Exercise instructions - An exact reproduction of the listing, minus the pictures, is the required output.

Data extract -
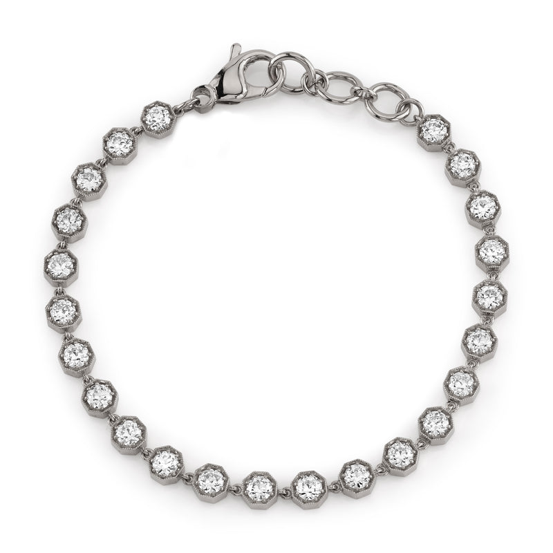 3.30ctw F-G/VS-SI old European cut diamonds set in a handcrafted platinum diamond tennis bracelet.
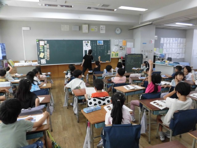 写真左は3組の様子です。「うみのかくれんぼ」を読んだ感想を、班の友達と読み合っています。
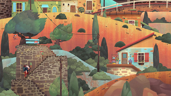 1. 沉浸式手绘美学:黄昏海岸、坡道小镇、山野村落……每一帧皆如精心绘制的艺术绘本,色彩柔和层次丰富,赋予旅程诗意视觉享受。

Exercise answer -
 3.30ctw F-G/VS-SI old European cut diamonds set in a handcrafted platinum diamond tennis bracelet.
 写真左は3組の様子です。「うみのかくれんぼ」を読んだ感想を、班の友達と読み合っています。
 1. 沉浸式手绘美学:黄昏海岸、坡道小镇、山野村落……每一帧皆如精心绘制的艺术绘本,色彩柔和层次丰富,赋予旅程诗意视觉享受。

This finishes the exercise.